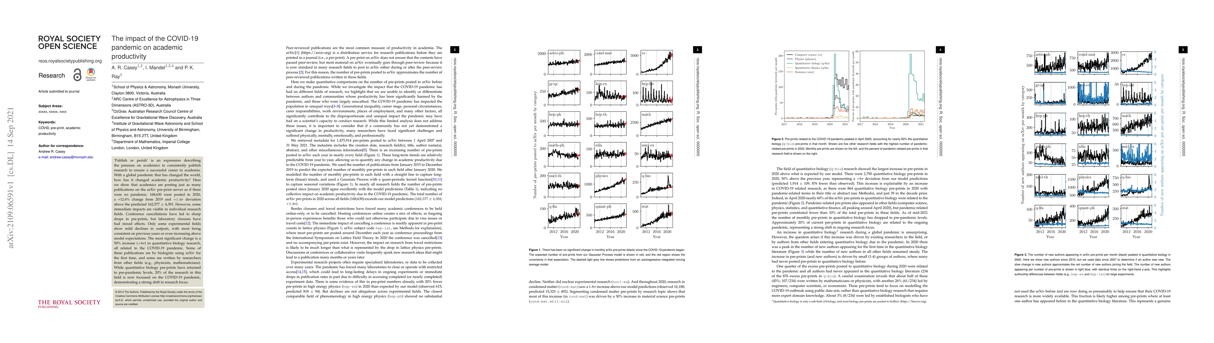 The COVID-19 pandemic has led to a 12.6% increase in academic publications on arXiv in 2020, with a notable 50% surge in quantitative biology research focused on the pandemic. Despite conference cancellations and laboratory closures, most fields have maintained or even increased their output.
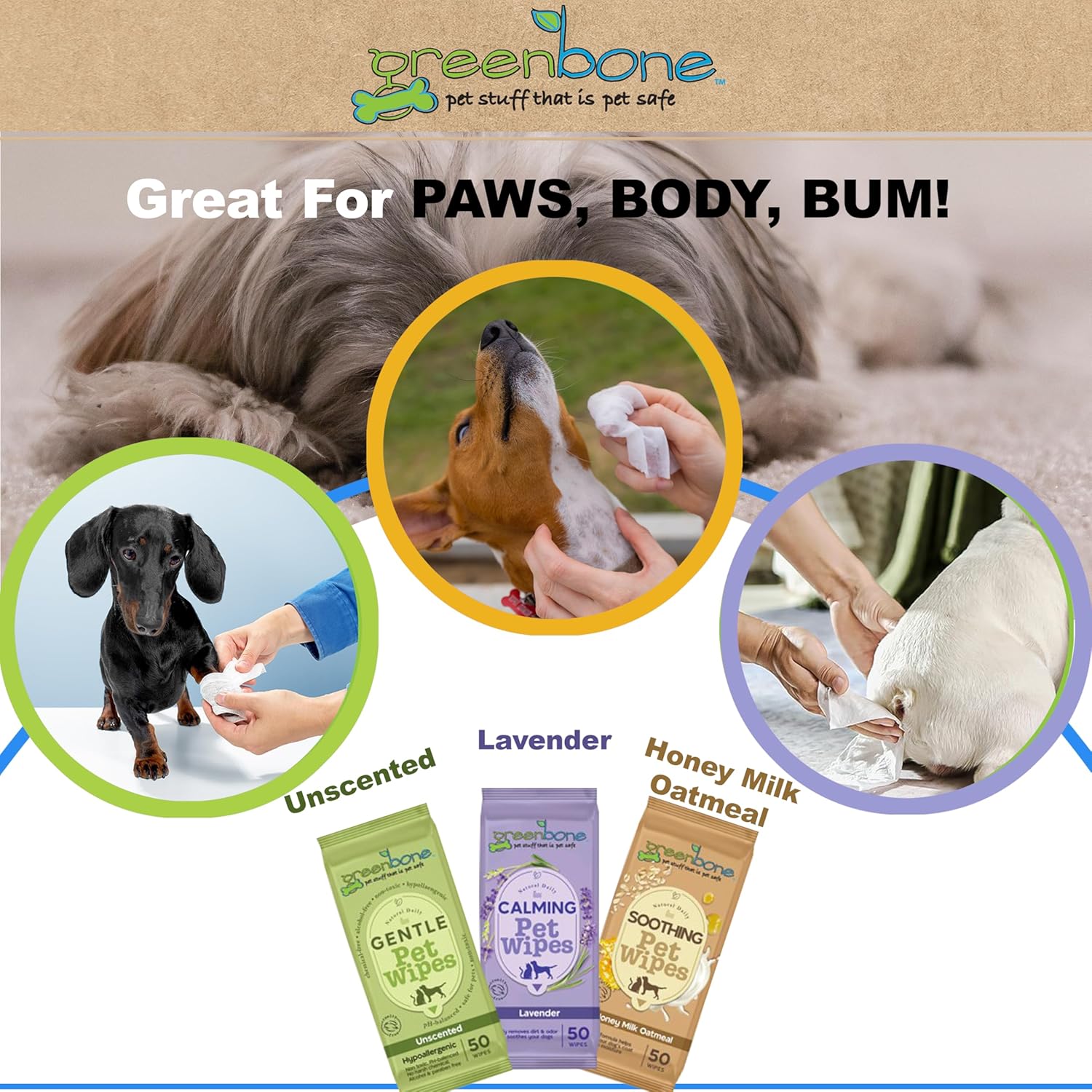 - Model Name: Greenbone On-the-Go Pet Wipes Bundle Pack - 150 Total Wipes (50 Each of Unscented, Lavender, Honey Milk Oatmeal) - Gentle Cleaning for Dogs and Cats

--

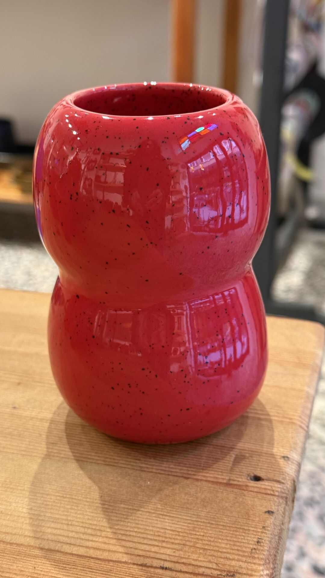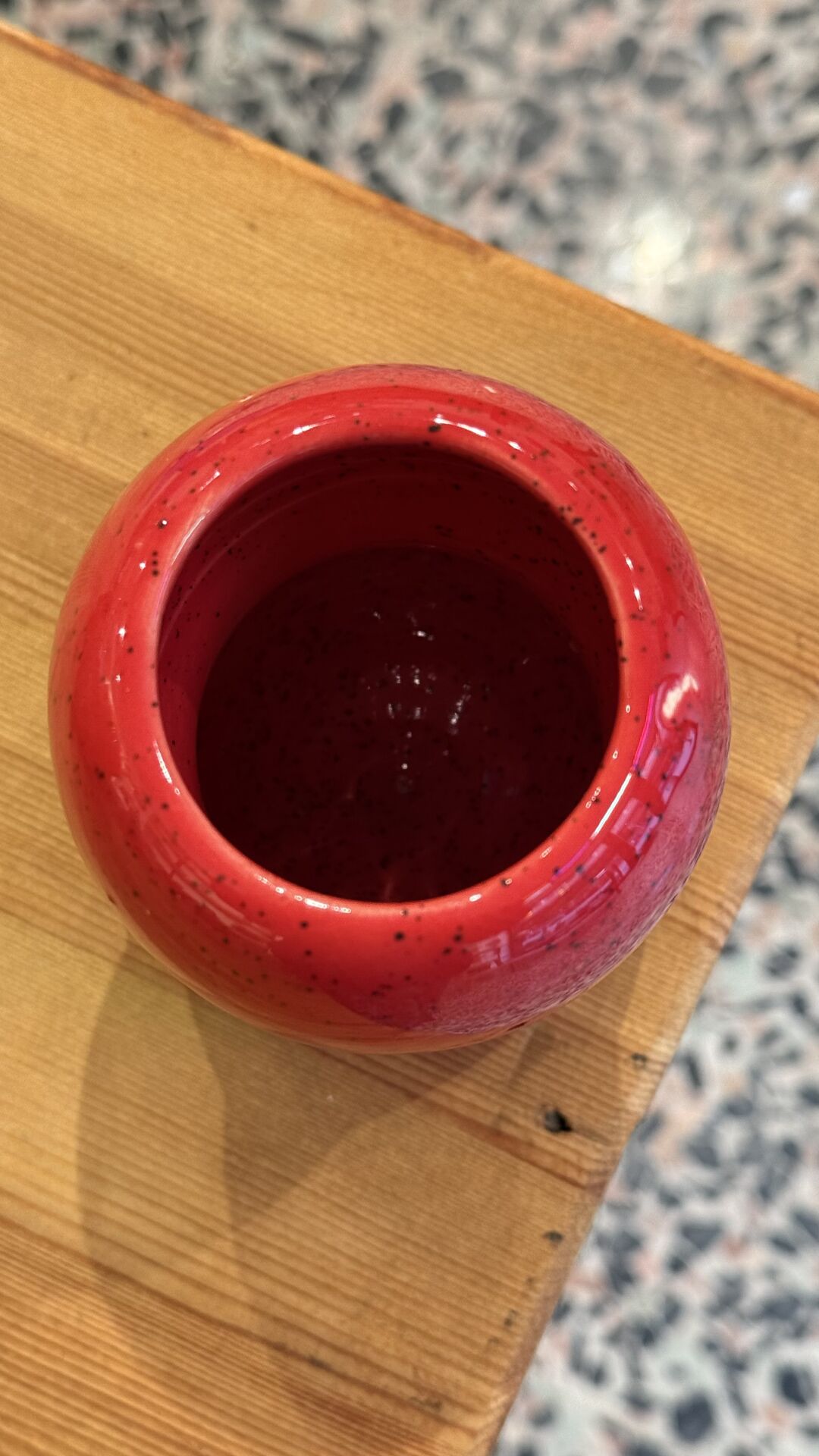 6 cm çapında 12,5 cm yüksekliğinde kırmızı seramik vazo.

---

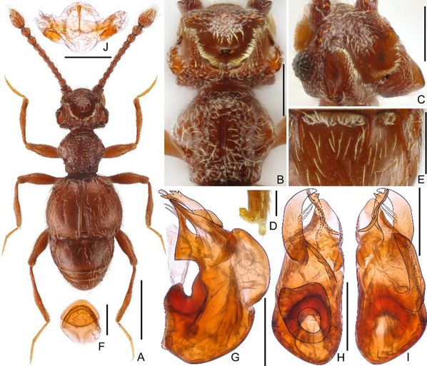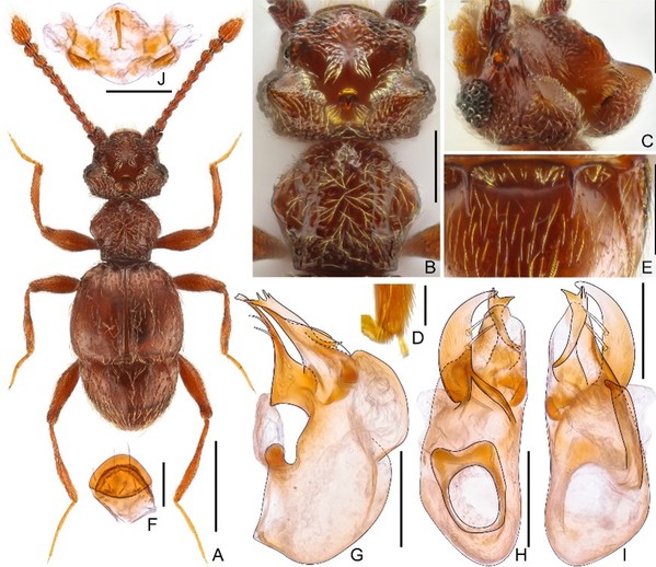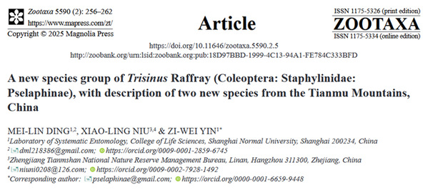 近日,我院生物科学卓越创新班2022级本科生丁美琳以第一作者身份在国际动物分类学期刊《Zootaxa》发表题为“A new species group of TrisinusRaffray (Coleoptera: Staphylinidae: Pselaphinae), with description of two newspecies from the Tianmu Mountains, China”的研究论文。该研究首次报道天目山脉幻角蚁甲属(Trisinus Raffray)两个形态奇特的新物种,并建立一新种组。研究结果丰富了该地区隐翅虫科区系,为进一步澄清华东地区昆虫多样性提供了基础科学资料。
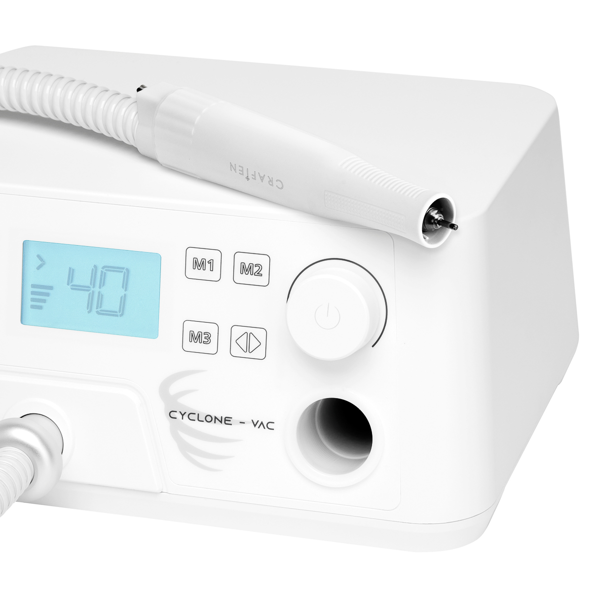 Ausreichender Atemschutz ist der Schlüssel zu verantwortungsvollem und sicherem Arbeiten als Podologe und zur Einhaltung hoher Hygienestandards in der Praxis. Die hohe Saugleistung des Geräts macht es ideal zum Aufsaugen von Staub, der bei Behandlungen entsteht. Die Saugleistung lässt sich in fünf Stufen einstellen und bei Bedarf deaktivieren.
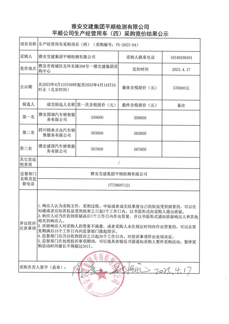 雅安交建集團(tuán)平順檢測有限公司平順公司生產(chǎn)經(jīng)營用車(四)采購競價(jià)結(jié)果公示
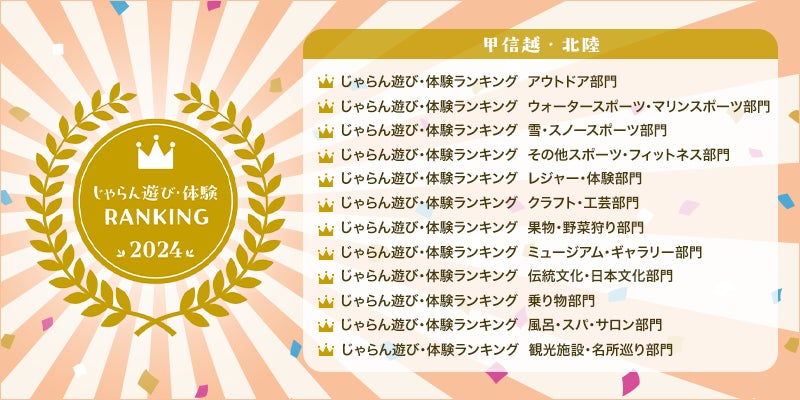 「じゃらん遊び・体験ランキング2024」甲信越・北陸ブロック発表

Required action:
Repeat exactly, and only, the entries from the line with "The COVID-19 pandemic" through the line with "- Model Name: Greenbone". Pictures are skipped.

Answer space:
 The COVID-19 pandemic has led to a 12.6% increase in academic publications on arXiv in 2020, with a notable 50% surge in quantitative biology research focused on the pandemic. Despite conference cancellations and laboratory closures, most fields have maintained or even increased their output.
 - Model Name: Greenbone On-the-Go Pet Wipes Bundle Pack - 150 Total Wipes (50 Each of Unscented, Lavender, Honey Milk Oatmeal) - Gentle Cleaning for Dogs and Cats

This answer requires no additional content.